Leg edema that appears acutely can be caused by kidney disorders affecting the glomerulus, which is the main filtration unit of the nephron. These disorders consist of nephrotic syndrome and acute nephritic syndrome.
CKD can also lead to a subacute onset of edema in the legs, which may be mild, to begin with, and can progress as the disease progresses. (5)
Fatigue and nausea are, unfortunately, symptoms of advanced kidney disease, wherein the kidney is unable to excrete urea and creatinine effectively. (6) These indicate the presence of uremia or symptoms of advanced kidney disease due to the buildup of waste products. (6)
Uremic signs and symptoms include:
- Metallic taste in the mouth
- Altered mental status
- Asterixis and pericardial rub, among others, upon physical examination
- Uremic bleeding due to platelet dysfunction, which can manifest as bleeding from skin or mucosal surfaces
5. Foamy urine
A very important symptom to recognize, foamy urine can be caused by increased protein leak in the urine and is very suggestive of kidney disease. Patients describe seeing foam in the urine with increased bubble formation after voiding in the toilet. (7)
6. Changes in urination
Decreased frequency of urination is seen in advanced stages of kidney disease.
Increased urination or polyuria can be seen in nephrogenic diabetes insipidus, which is a clinical condition caused by a decrease in urinary concentrating ability.

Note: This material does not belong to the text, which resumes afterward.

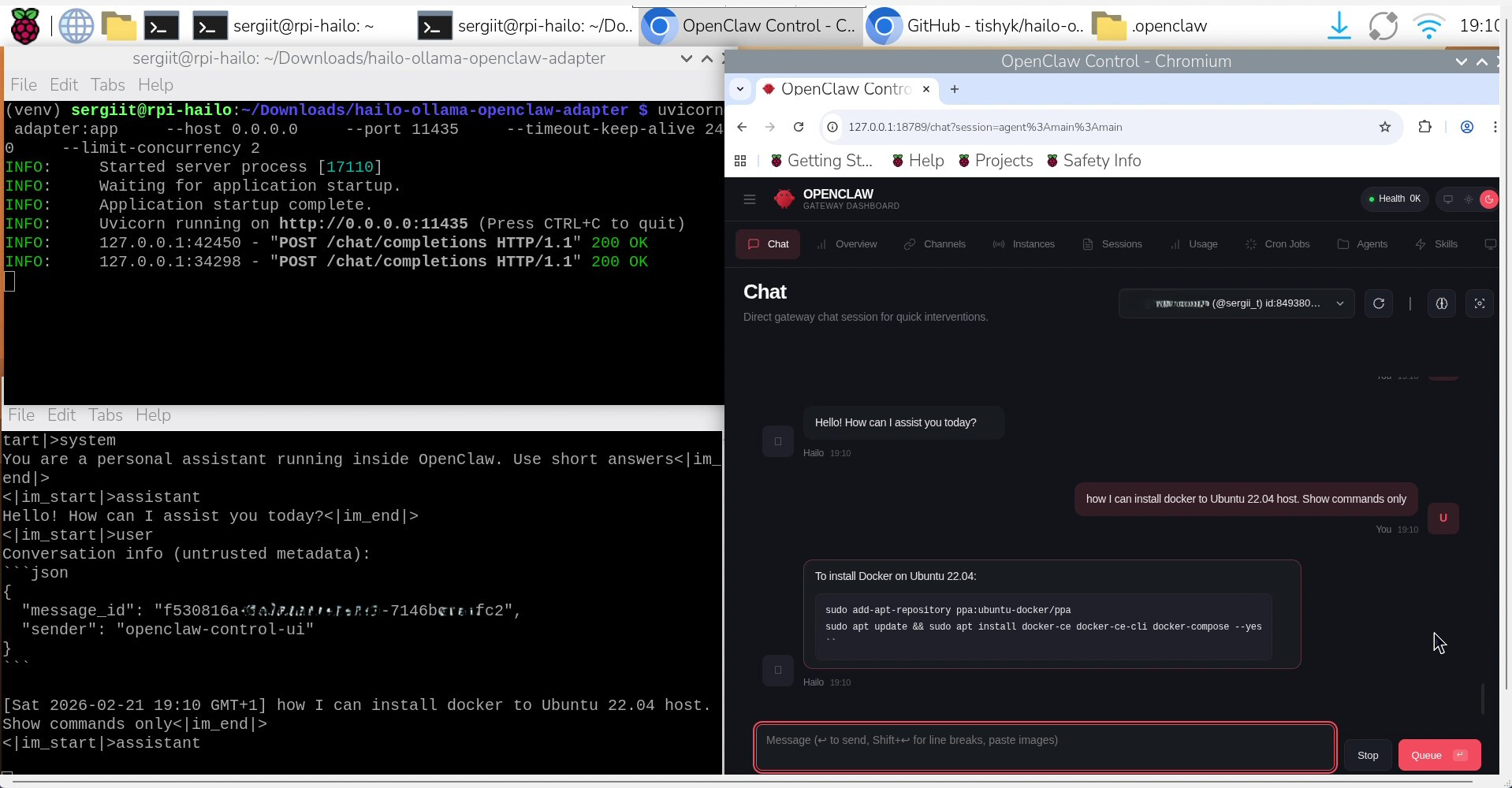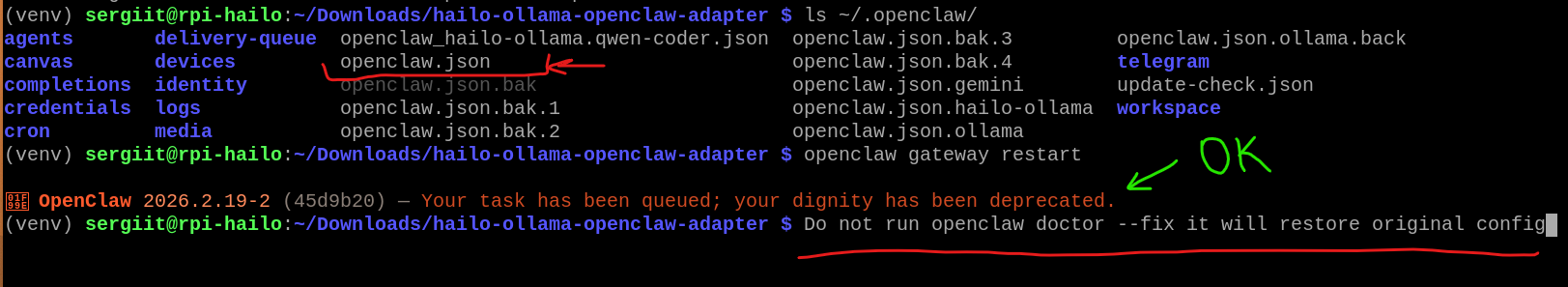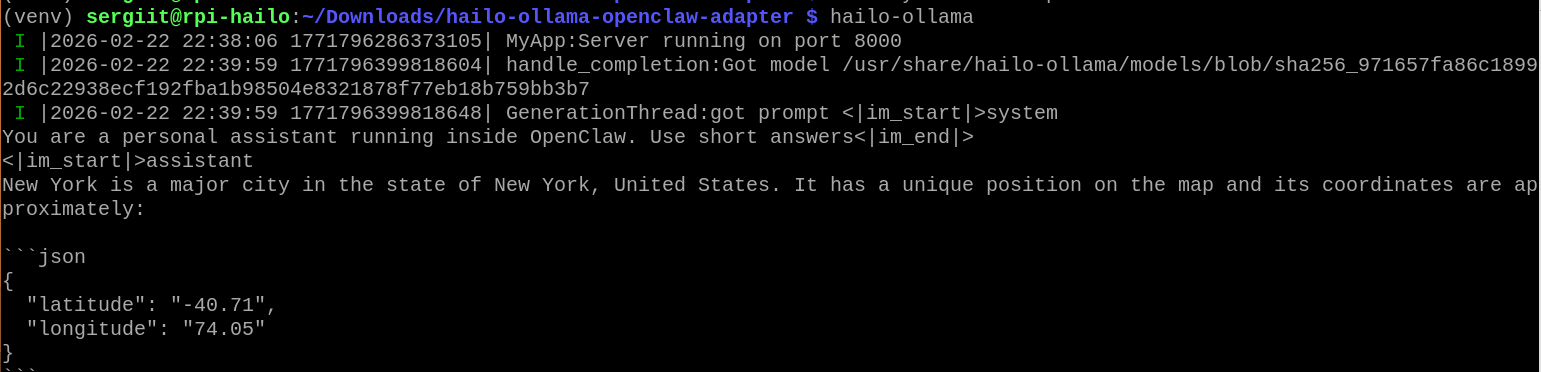 I want to share a small but useful bridge I built to get OpenClaw talking to Hailo-Ollama server (Hailo Model Zoo Gen AI) on Raspberry Pi 5 with Hailo accelerators (AI-HAT+2 in my case).

Nephrogenic diabetes insipidus is associated with a variety of kidney diseases, including:
- Bilateral urinary tract obstruction
- Sickle cell disease or trait
- Autosomal dominant polycystic kidney disease and medullary cystic kidney disease
- Renal amyloidosis
- Sjögren’s syndrome
Drugs such as lithium and second-trimester pregnancy can also produce a similar condition.
Fatigue can also be a manifestation of anemia, which can be caused by CKD. As the creatinine rises, the prevalence of anemia increases. Anemia resulting from CKD is due to the reduced production of erythropoietin by the kidney and shortened red cell survival. (8)
Malnutrition is common in people with advanced CKD (9) because of lower food intake (principally due to anorexia), decreased intestinal absorption and digestion, and metabolic acidosis.
9. Sexual dysfunction
People with advanced kidney disease can manifest significant sexual and reproductive issues. (10) These include erectile dysfunction, decreased libido, and disturbances in menstruation and fertility in women, usually leading to amenorrhea by the time they reach end-stage renal disease (ESRD).
Pregnancy in women with advanced CKD is high risk and uncommonly carried to term. (11)
Complications Associated With Chronic Kidney Disease
When you have CKD, you can also have problems with how the rest of your body is working. If left untreated, CKD can give rise to the following complications:
- Bone disease
- Heart disease
- High potassium in the blood
- High calcium in the blood
- Fluid buildup (12)
- Kidney failure: Once your kidneys shut down, the only way you can survive is through kidney transplant or dialysis.
The primary function of your kidneys is to remove toxins and other unwanted substances from the blood, which are then excreted out of the body through urine. This blood purification process enables your body to work properly and stay healthy.
Conversely, any kind of kidney dysfunction is bound to hamper the functioning of your euntire body and undermine your overall health. Kidney disease is considered to be a silent killer as it rarely presents any symptoms until it’s in a very advanced stage.
Thus, you have to be extra cautious when it comes to your renal health and get regular kidney function tests, especially if you are high risk.
Treating kidney problems early can prevent them from becoming chronic and can avert other serious health complications. Thus, you must educate yourself about the potential symptoms of kidney disease and get them treated as soon as possible.